PROBLEM DETAILS
Copy only the lines from the one containing "校庭では、松ぼっくり、椿の実、落ち葉を見つけました。" through the final line of the records below, exactly as written, with no pictures.

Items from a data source
▬▬▬

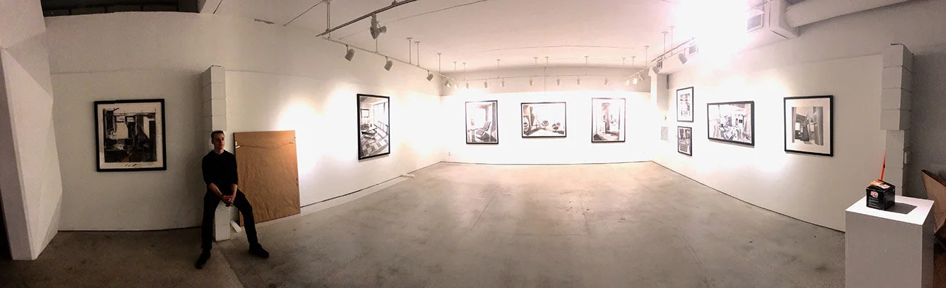“My background began with sculpture more than image-making. At a very young age, I built forts. Over the years I moved into building and remodeling homes to make a living. Later, I picked up a camera and became fascinated with capturing images of light and space. At that time, I could not draw and was terrified of the process. I went to the Art Institute of Chicago to study Photography all the while working in construction to make money. After hundreds of hours in the darkroom developing my own film and images, I began to feel too distant from the creation of the images. I wanted and needed to be more involved with the building of the spaces and surfaces. Looking back it appears obvious that I would move into painting and drawing as my medium of choice, pulling my love and knowledge of building into the practice. My process began to replicate the actual spaces and environments I was experiencing in Chicago. The process of creating began to literally show the history of the making.”
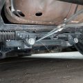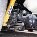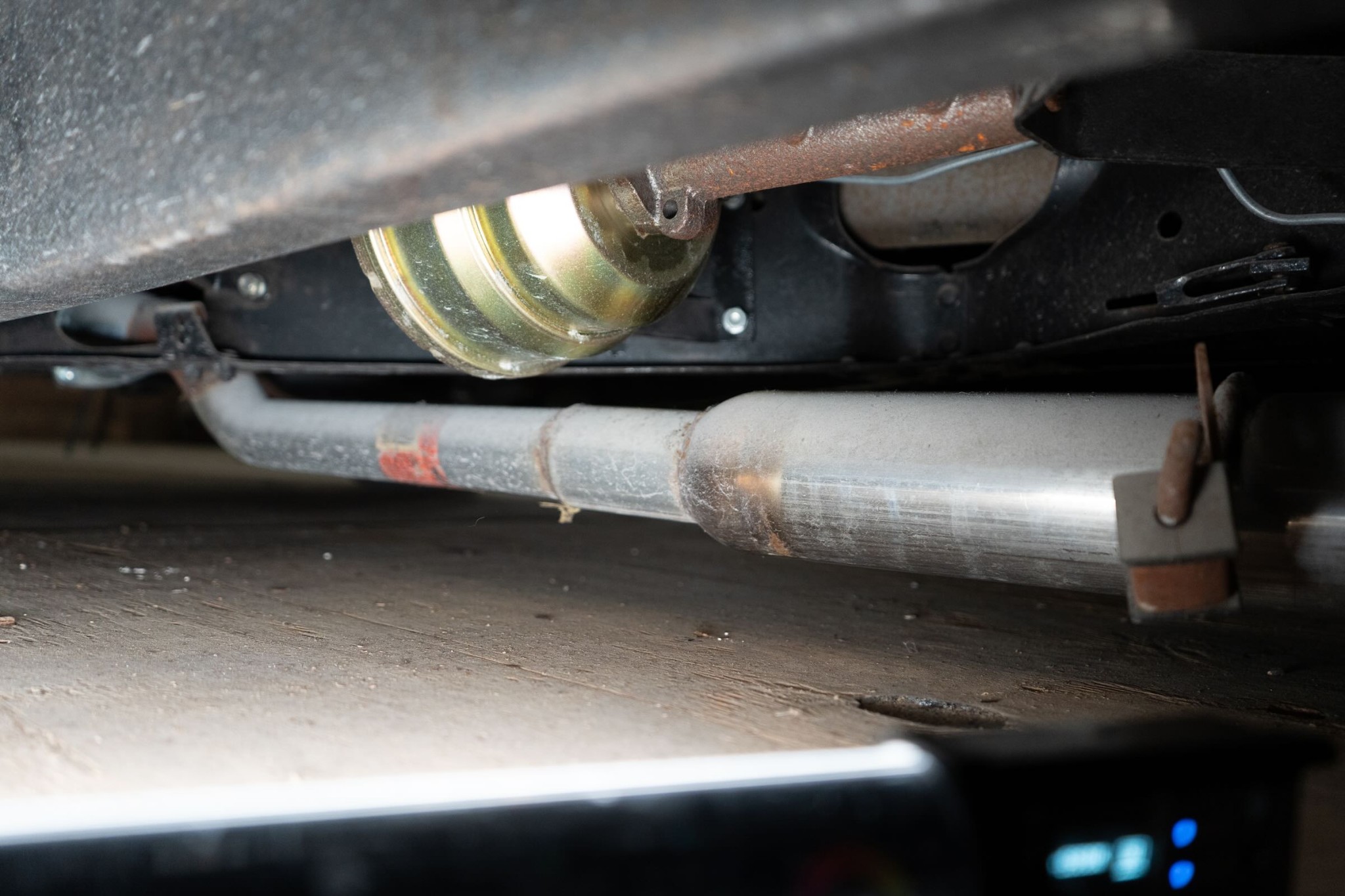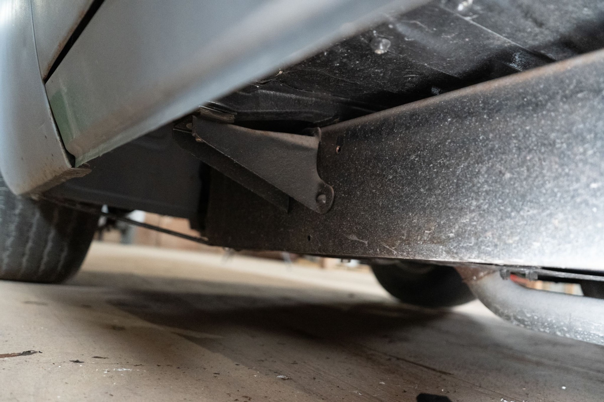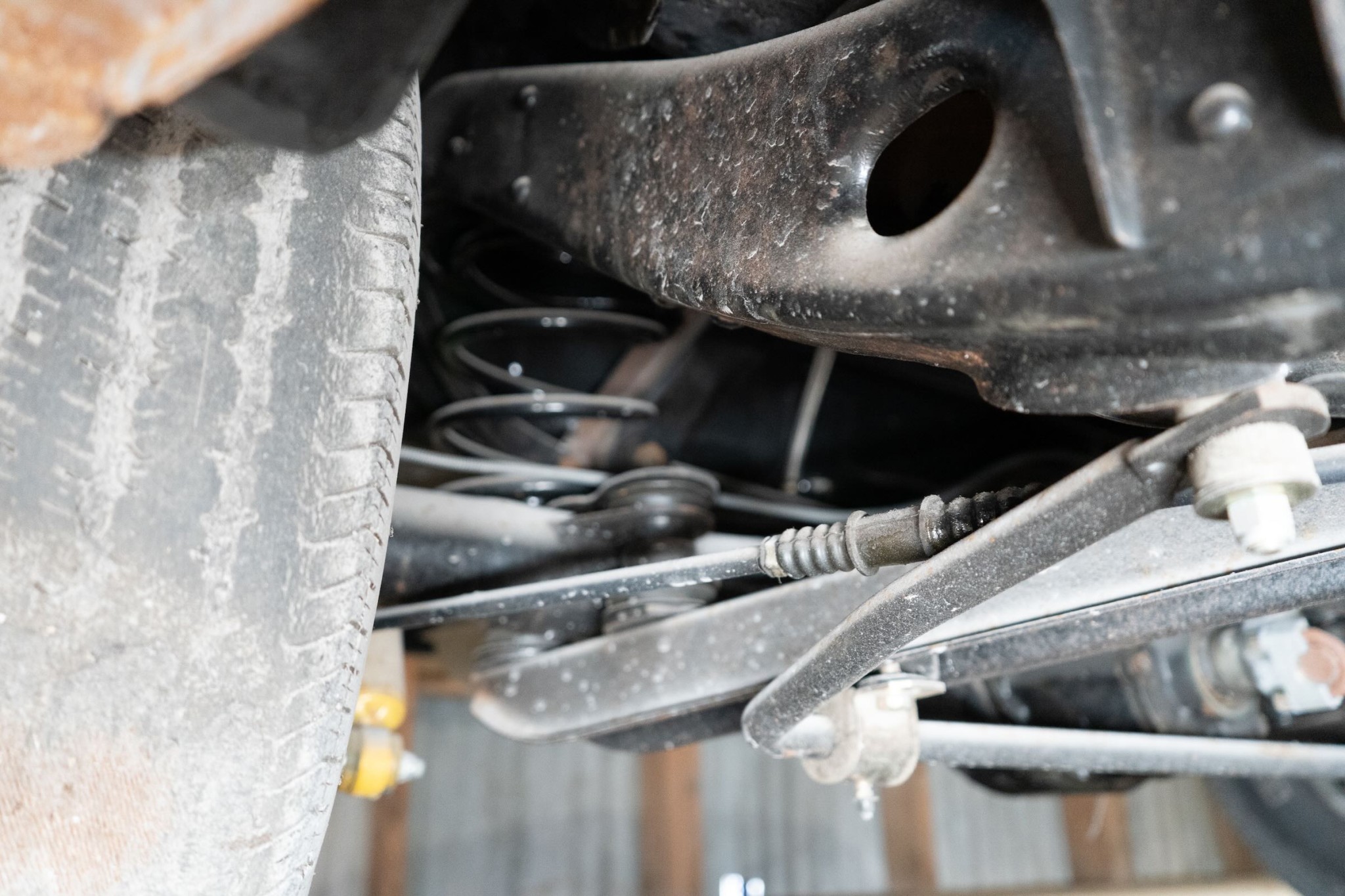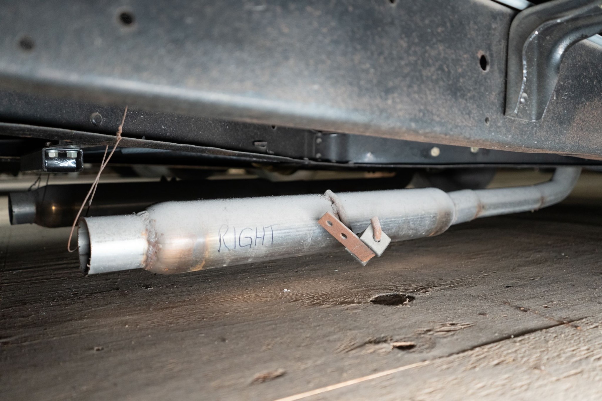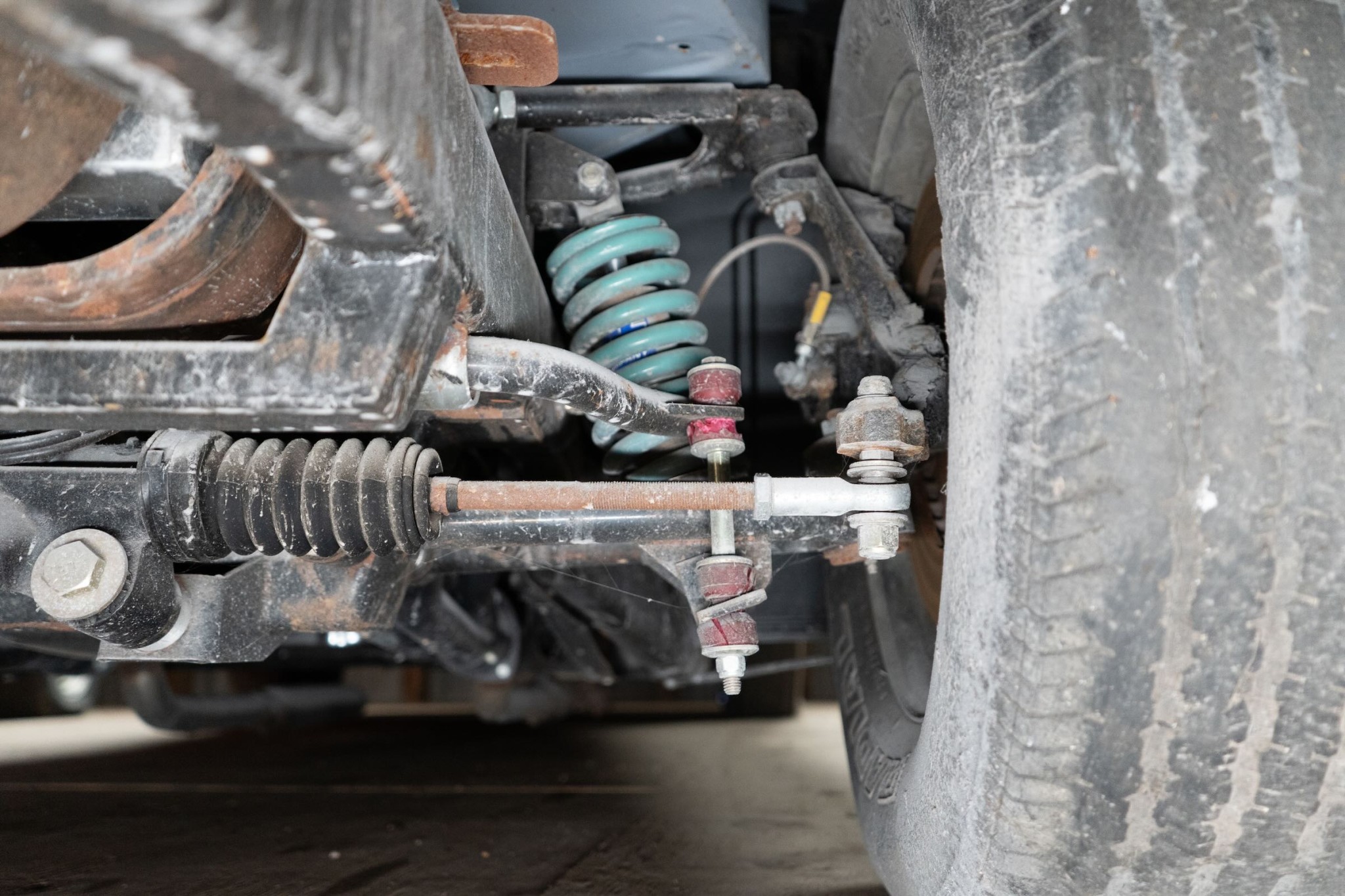 We do know that the chassis and suspension have been upgraded with rack-and-pinion steering, coil-overs, and front disc brakes. A power brake booster and appropriate master cylinder are located under the floor, roughly where you would have found the originals.
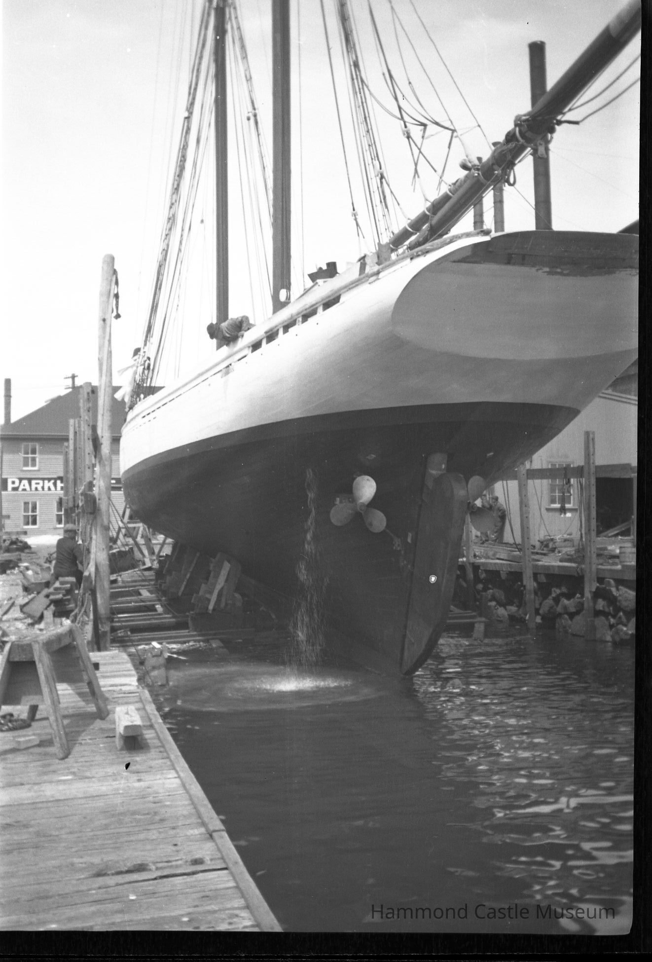 Negative of Odysseus on the rails at Parkhurst Railways in Gloucester Harbor
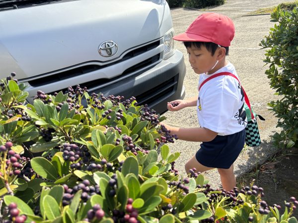 校庭では、松ぼっくり、椿の実、落ち葉を見つけました。
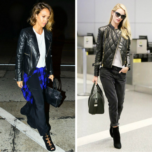 白Tee搭配机车夹克可以参考芭姐和Rosie的穿法,要么像芭姐一样在腰间加上一抹亮色,要么学Rosie除了白Tee,其他一黑到底,姐就这么酷

▬▬▬

ANSWER BELOW
 校庭では、松ぼっくり、椿の実、落ち葉を見つけました。
 白Tee搭配机车夹克可以参考芭姐和Rosie的穿法,要么像芭姐一样在腰间加上一抹亮色,要么学Rosie除了白Tee,其他一黑到底,姐就这么酷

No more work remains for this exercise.